Most turning from sitting positions involves upper body movement -- arms and shoulders with associated backmovements.   None of the "lathe dance" advertised by most of the more abled turners.  

I have developed a strong opinion that "carbide is for cripples" and certainly put myself into the "crippled" in some aspects category.  The cup style tools such as sold by Hunter Tools are very good for control and finish work, the Pen Pro for rough work.



I am also developing a very strong preference for interchangable handles with the Kelton Collet Handles having a strong lead.   Easy to change tools, and change the length of extension depending on the situation.   Sharpening with the tool out of the handle is much easier.


It is good to hear that I am not the only one sitting down at the lathe -- and mine is a big lathe.   

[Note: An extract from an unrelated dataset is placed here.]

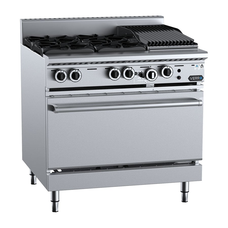 Verro Premium Fusion Series Oven Range with Combination Four Open Burner and 300mm Char Broiler. (LPG Gas)

Be sure to sit out of the line of fire ----  I cannot dodge near as fast from a stool.


----------



## kovalcik (Jun 14, 2011)

I wanted to second what Sharon said about the rubber mats.  My father was unable to stand at his workbenches for very long and was getting very frustrated. I ordered some of the mats from woodcraft and had them delivered and it made an incredible difference in the time he could work.   He is not a lathe guy, he is a balsa wood plane modeler, but I imagine the effect would be the same.


----------



## Mike Kenney (Jun 14, 2011)

Thank you all for the responses I was just looking for feedback to see if it was safe and how many people are doing it


----------



## rherrell (Jun 15, 2011)

I'm disabled and need crutches so I sit at this chair and work. I have to stand when I make a baseball bat but I sit for the short stuff.


----------